**What needs to be done:**
Exact repetition of a range: find the line containing "Boys’ 7-Piece Self-Patterned" and the line containing "自分たちで育てたすいかをおいしくいただきました。とても甘かったです。" in the material below, then repeat both and all lines between them, leaving pictures out.
━━ Data section ━━
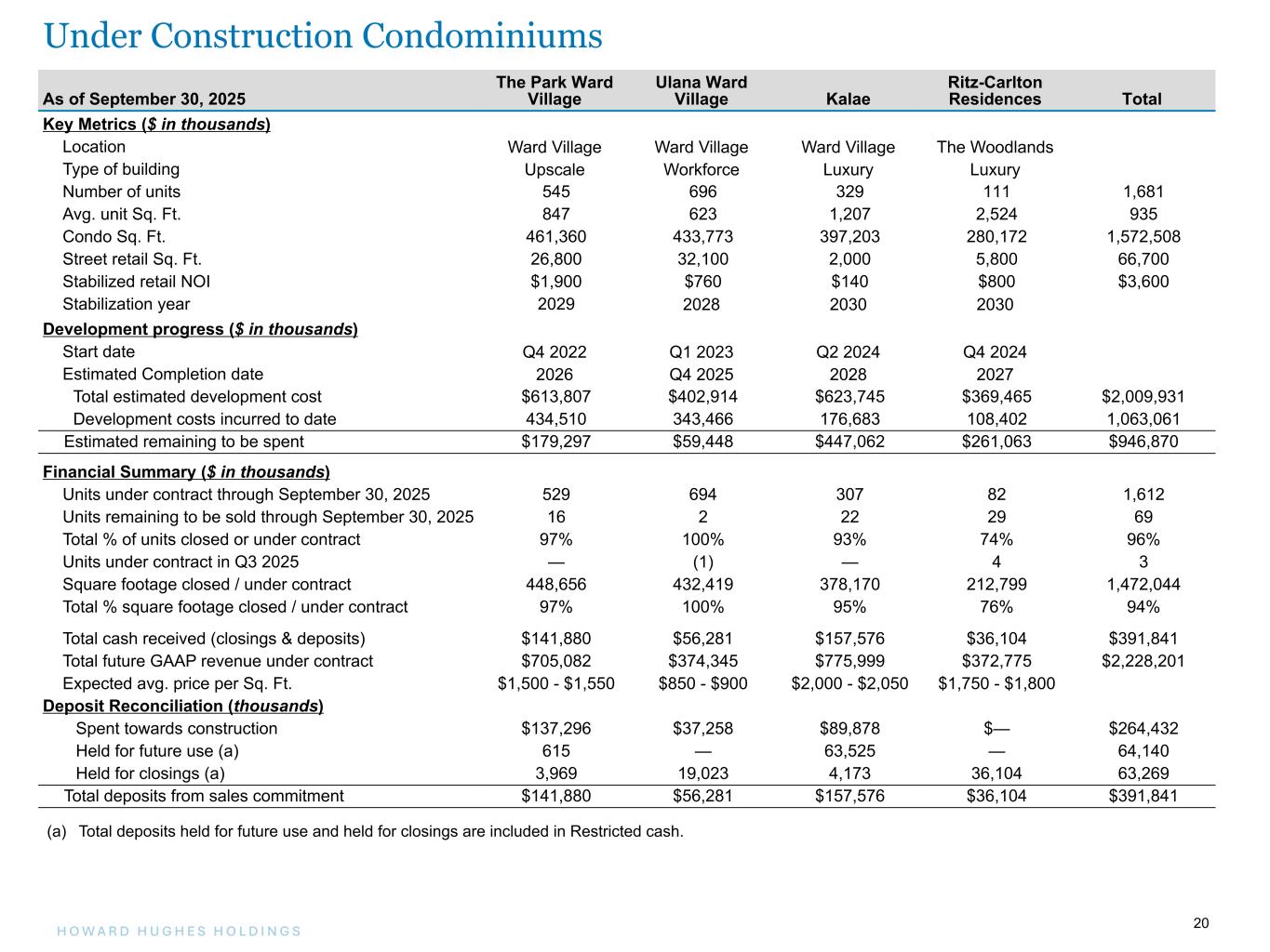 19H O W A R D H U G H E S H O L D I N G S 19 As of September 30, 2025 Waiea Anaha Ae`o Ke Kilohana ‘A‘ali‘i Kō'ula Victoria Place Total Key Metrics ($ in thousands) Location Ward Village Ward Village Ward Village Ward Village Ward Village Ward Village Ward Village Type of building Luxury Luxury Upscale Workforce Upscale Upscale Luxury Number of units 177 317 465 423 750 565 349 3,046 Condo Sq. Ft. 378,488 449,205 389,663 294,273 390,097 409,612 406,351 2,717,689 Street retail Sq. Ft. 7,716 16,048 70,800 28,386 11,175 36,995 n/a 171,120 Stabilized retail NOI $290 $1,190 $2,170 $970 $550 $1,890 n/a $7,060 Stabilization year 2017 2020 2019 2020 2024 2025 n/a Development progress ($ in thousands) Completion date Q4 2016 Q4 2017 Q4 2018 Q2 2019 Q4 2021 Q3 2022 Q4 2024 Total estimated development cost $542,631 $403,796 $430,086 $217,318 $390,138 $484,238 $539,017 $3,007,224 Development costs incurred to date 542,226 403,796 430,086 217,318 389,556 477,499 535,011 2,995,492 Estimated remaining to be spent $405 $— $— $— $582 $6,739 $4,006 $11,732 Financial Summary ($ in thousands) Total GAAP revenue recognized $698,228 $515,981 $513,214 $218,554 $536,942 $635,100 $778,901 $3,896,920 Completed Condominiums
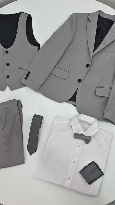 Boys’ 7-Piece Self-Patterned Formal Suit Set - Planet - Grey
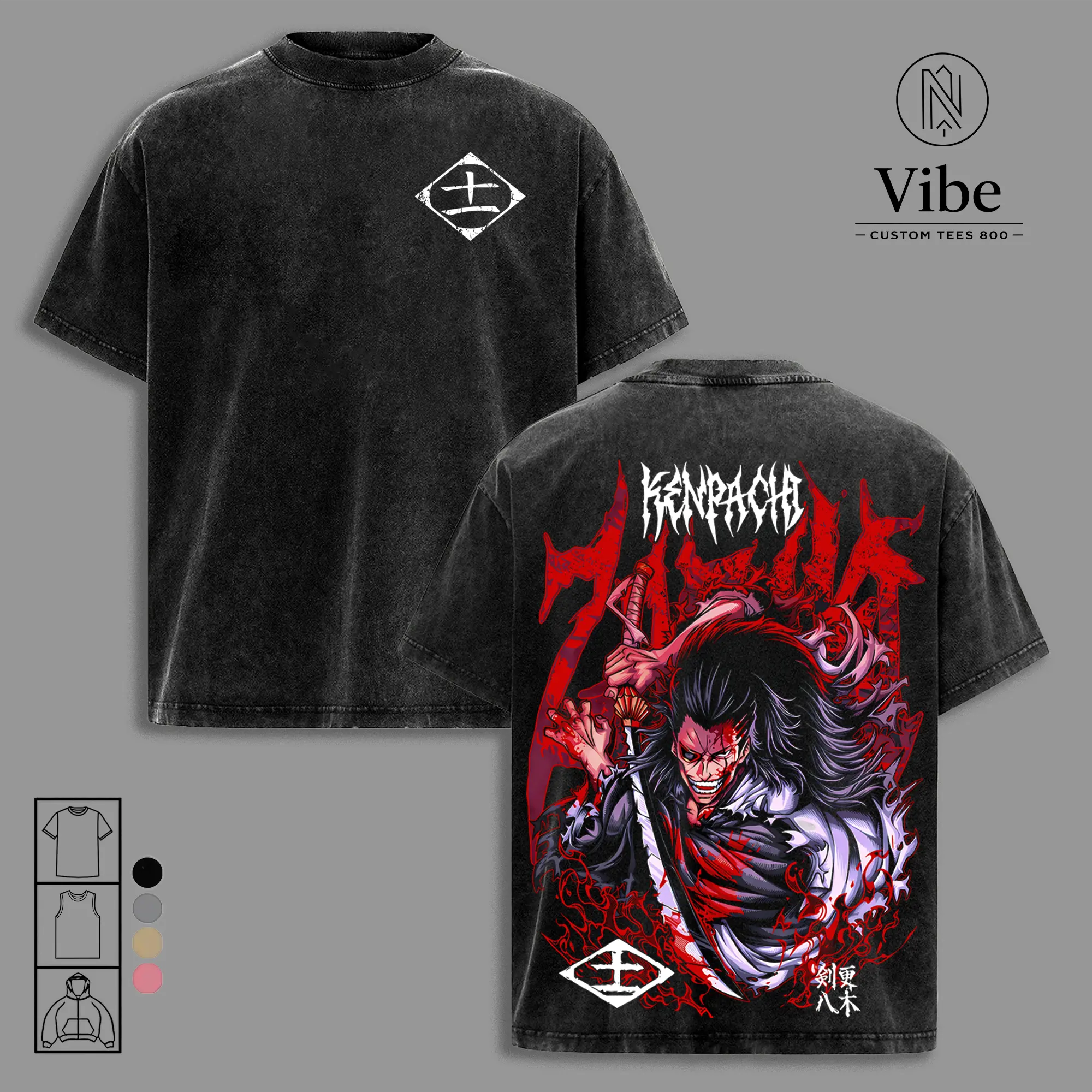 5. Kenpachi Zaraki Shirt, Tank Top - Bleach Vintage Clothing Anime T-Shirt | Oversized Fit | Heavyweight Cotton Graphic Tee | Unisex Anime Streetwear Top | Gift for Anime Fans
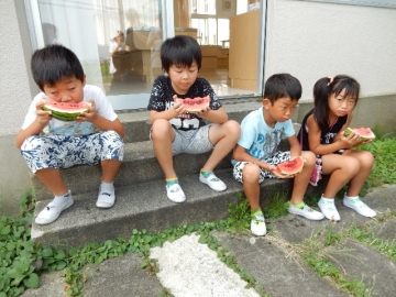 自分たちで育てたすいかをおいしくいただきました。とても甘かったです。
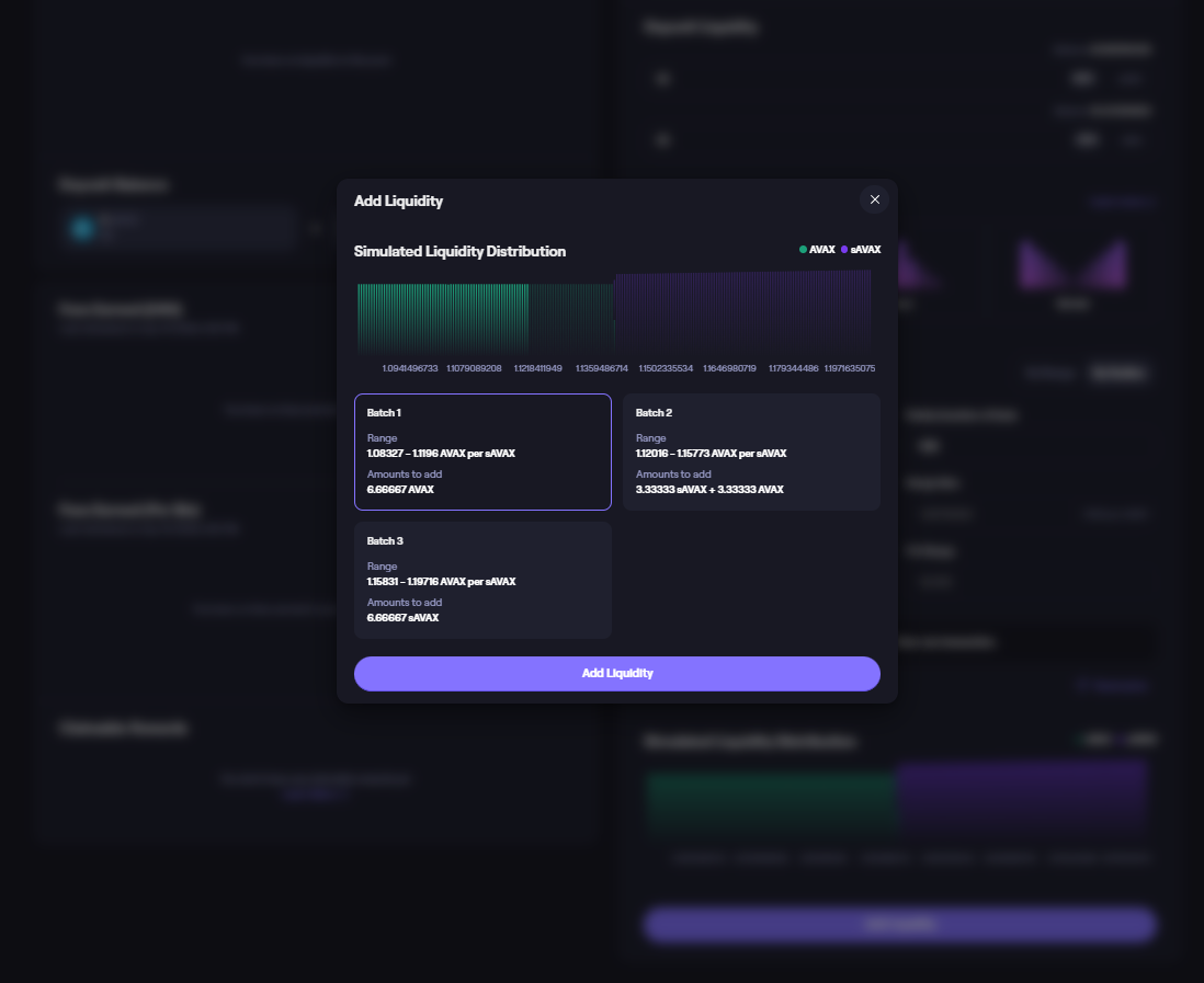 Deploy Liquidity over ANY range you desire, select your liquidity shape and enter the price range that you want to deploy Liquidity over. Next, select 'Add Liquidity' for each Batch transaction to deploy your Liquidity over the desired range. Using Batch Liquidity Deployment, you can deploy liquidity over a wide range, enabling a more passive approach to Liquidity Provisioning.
━━━
━━ Data section ━━
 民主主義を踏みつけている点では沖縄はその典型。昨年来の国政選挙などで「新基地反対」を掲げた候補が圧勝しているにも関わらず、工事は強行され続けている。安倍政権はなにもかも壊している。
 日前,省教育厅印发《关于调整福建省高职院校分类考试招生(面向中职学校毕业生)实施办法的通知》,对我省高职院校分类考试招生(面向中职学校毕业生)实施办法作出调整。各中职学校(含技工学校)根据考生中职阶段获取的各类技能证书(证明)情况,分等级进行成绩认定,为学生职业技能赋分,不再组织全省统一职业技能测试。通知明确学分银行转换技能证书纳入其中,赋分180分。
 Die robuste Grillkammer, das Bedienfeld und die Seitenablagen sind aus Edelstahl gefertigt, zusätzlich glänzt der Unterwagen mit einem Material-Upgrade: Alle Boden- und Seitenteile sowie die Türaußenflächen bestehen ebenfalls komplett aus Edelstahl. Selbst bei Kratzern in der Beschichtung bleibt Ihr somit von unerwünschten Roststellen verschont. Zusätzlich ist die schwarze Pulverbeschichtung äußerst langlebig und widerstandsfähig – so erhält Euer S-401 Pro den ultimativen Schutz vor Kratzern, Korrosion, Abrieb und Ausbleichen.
━━━
━━ Data section ━━
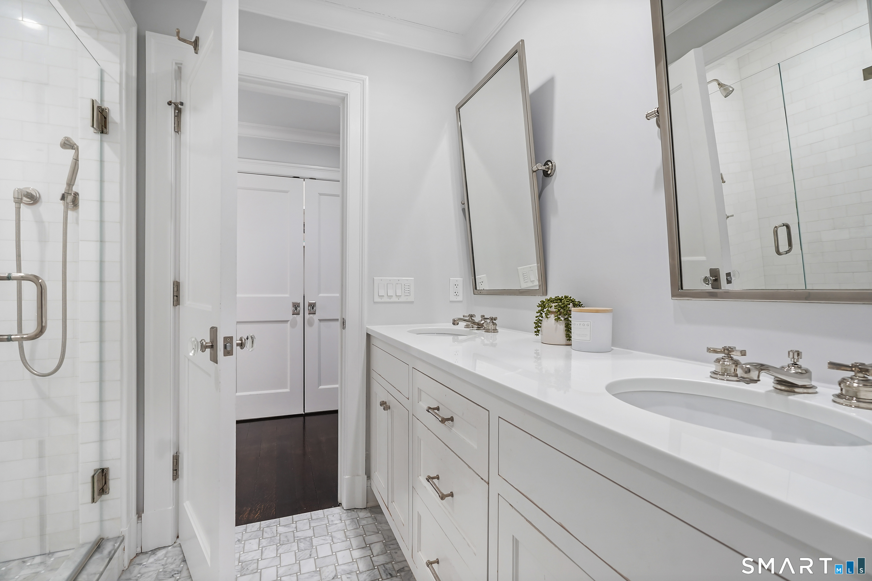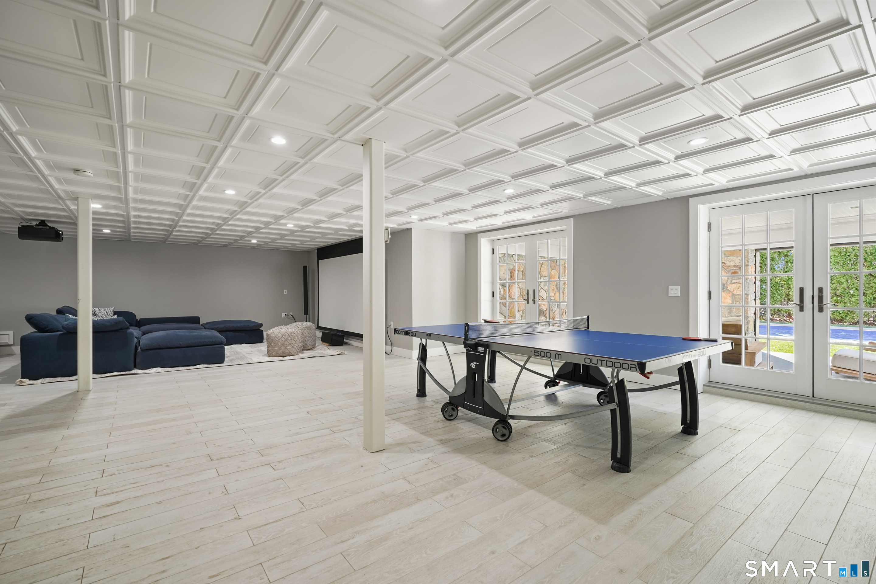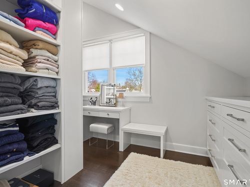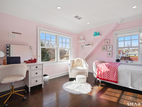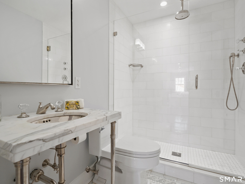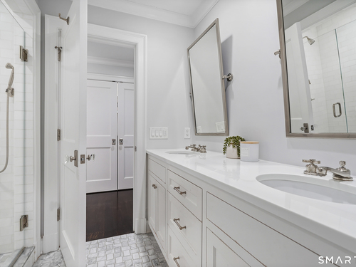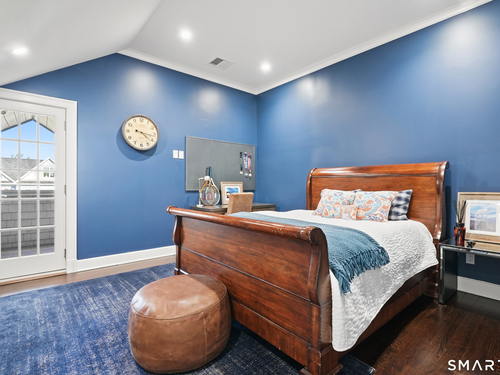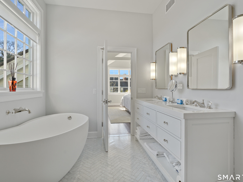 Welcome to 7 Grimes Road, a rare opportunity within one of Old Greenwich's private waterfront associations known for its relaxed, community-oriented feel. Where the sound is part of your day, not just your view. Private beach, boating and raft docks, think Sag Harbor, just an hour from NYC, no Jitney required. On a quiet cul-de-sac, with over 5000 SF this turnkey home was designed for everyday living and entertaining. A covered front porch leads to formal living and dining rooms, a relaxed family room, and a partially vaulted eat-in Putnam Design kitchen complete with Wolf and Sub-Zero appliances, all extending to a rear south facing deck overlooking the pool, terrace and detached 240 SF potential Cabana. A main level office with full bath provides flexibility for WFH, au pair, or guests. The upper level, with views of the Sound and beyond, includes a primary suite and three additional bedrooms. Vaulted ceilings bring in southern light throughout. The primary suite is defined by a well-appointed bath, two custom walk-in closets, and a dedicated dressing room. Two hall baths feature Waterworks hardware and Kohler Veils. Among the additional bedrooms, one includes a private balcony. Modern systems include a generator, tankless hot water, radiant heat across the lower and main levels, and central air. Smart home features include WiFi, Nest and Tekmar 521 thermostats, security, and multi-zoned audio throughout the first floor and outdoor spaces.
━━━
**Solution for this problem:**
 Boys’ 7-Piece Self-Patterned Formal Suit Set - Planet - Grey
 5. Kenpachi Zaraki Shirt, Tank Top - Bleach Vintage Clothing Anime T-Shirt | Oversized Fit | Heavyweight Cotton Graphic Tee | Unisex Anime Streetwear Top | Gift for Anime Fans
 自分たちで育てたすいかをおいしくいただきました。とても甘かったです。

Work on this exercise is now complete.